He has been a student and tutor of the Kabbalah for 40 years and been a teacher of it since 1971. He has published 16 books, including a Kabbalistic novel and books on astrology, and his work has been translated into over ten languages.

He is a fellow of the Temenos Academy and director of tutors for the Kabbalah Society. He has taught at Interface Boston, the New York Open Centre, Centre for Psychological Astrology, Omega Institute, NY Kabbalah Society, the Jungian Institute of Santa Fe New Mexico and Karen Kabbalah Atlanta, as well as synagogues and rabbinical colleges.

His early books on stagecraft were Introducing stagecraft, The play begins: A documentary-novel upon the mounting of a play and Stage properties and how to make them.

Subsequent books include An Introduction to the Cabala: Tree of Life, Adam and the Kabbalistic Tree, Kabbalah and Exodus, Kabbalah: Tradition of Hidden Knowledge, A Kabbalistic Universe, As Above so Below: A Study in Cosmic Progression, The Way of Kabbalah, and Astrology: The Celestial Mirror.

[edit] Influence

In an introduction to the Sacred Web Conference at the University of Alberta in 2006, the Prince of Wales said, when talking of the tension between Tradition and Modernism:

This dilemma is captured in ancient notions of balance and harmony; notions that are, for example, expressed in many guises in that wonderful Kabbalistic diagram of the Tree of Life. As the Temenos Fellow, Warren Kenton, so beautifully explains in his lectures to the students of the Academy, the teaching of the Tree of Life is that the “active” and the “passive” aspects of life, which on their own may lead to imbalance and disharmony, must be, can only be, brought together in harmony by the influx into our lives of the Divine and the Sacred.
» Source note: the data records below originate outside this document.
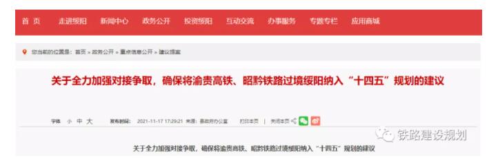 一、關(guān)于全力加強(qiáng)對接爭取,確保將渝貴高鐵、昭黔鐵路過境綏陽納入“十四五”規(guī)劃的建議
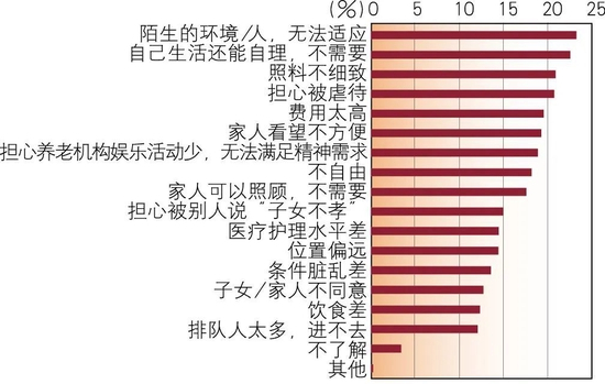 从养老方式的选择看,受访者为自己和父母选择机构养老的占比较低。调查组进一步了解了不选择机构养老的原因。结果显示,排在前三位的是无法适应陌生环境与人;自己生活还能自理不需要以及照料不细致,占比分别为23.28%、22.58%和20.91%(见图7)。
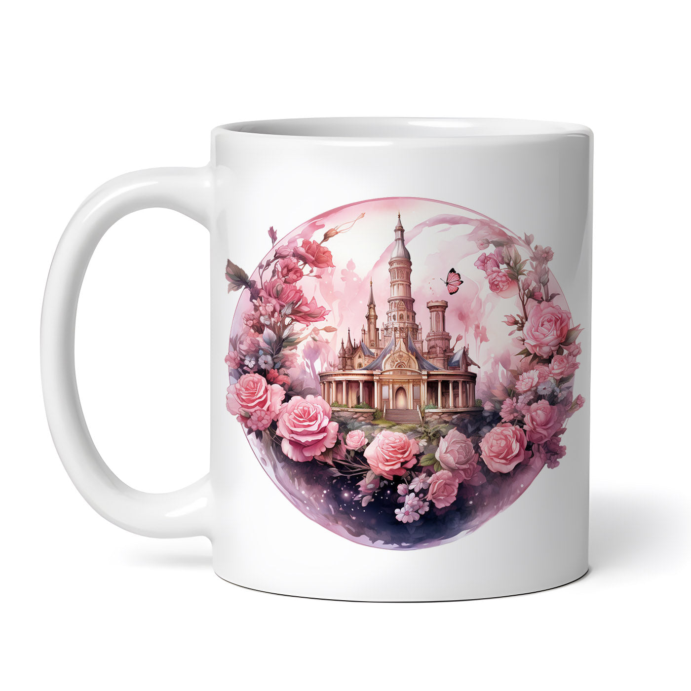 - Cana ceramica, Castelul cu trandafiri roz, NO3857, 330 ml, Multicolor
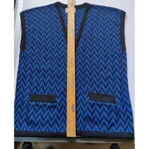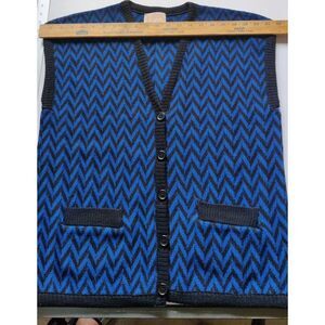 Vintage Pendleton Wool Sweater Vest Womens Size L Blue Black Chevron Pockets
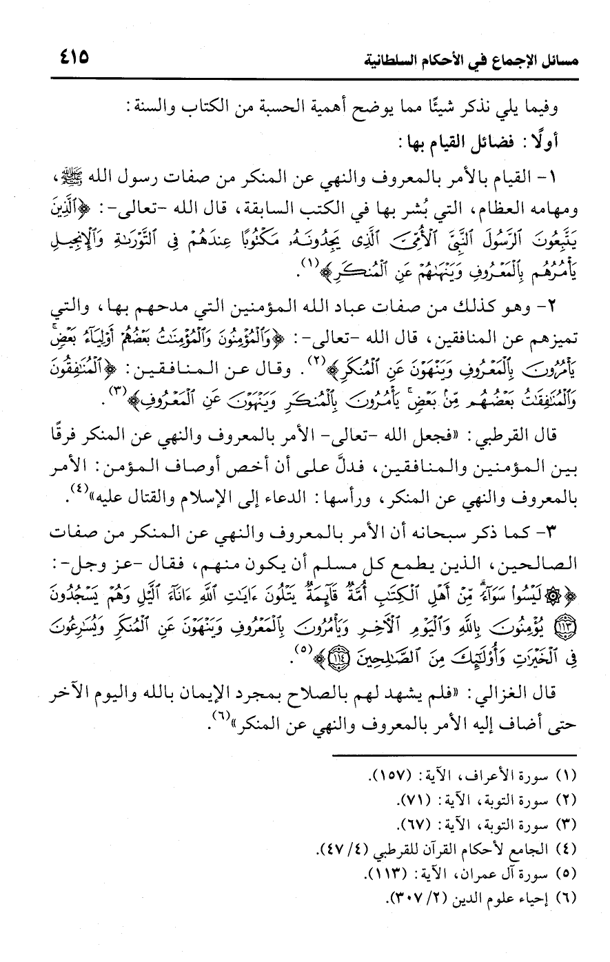 قال الغزالي: "فلم يشهد لهم بالصلاح بمجرد الإيمان باللَّه واليوم الآخر حتى أضاف إليه الأمر بالمعروف والنهي عن المنكر" (¬6).
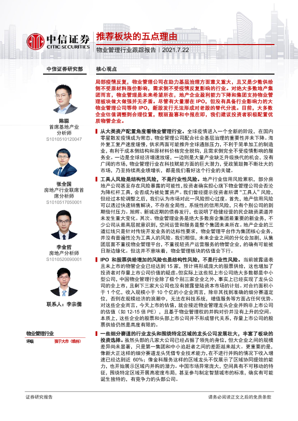 【中信证券】【20210722】物业管理行业跟踪报告:推荐板块的五点理由-3页
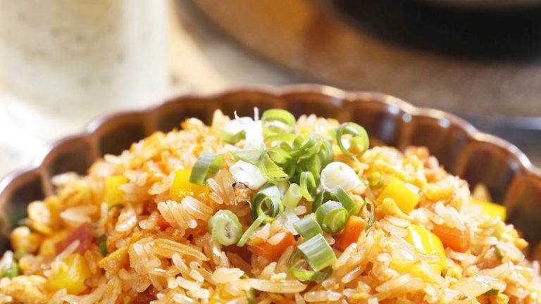 通常炒饭要粒粒分明建议使用隔夜饭,若使用刚煮好的饭建议不要煮得过软。此次示范使用泰国米,亦可使用一般米饭。
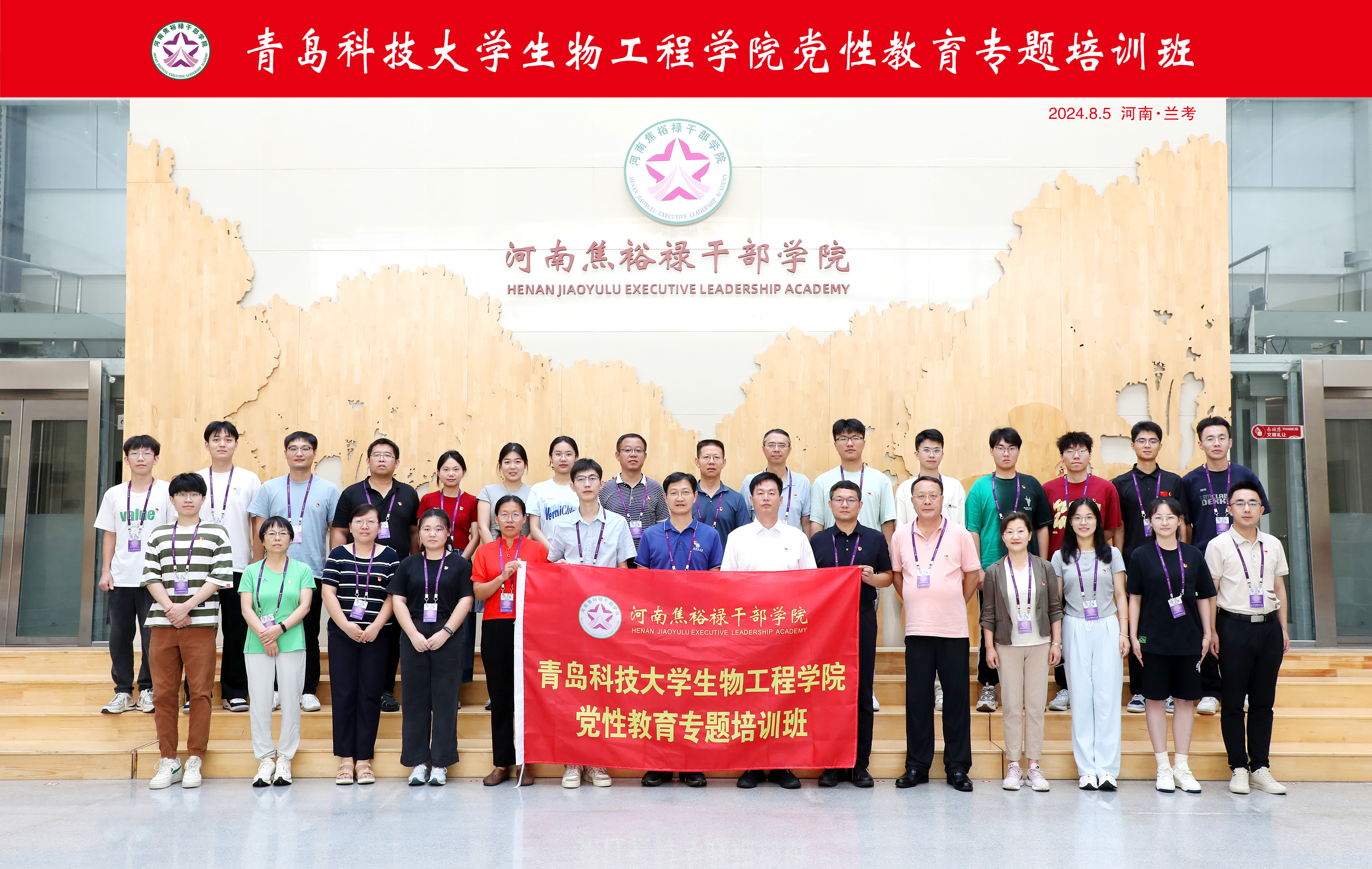 8月4日至8月8日,青岛科技大学生物工程学院赴河南焦裕禄干部学院开展党性教育专题培训。青岛科技大学生物工程学院党委书记周宪锋,河南焦裕禄干部学院党委委员、副院长王开出席开班式,青岛科技大学生物工程学院党委副书记兼副院长刘浩主持开班式。

Whether or not we interpret this image as an explanation of an outer or an inner orientation, it is in this way, and only in this way, that the forces, or characteristics, of expansion and constraint can be brought into balance.[1]

Singer Sinéad O'Connor wrote in the inner sleeve notes to the album, I Do Not Want What I Haven't Got, "Special thanks to Selina Marshall + Warren Kenton for showing me that all I'd need was inside me."

Artist Charles Thomson said, "I studied Kabbalah under a teacher called Warren Kenton, who said there was a lot of humour at the spiritual level, and I think that's true."[2]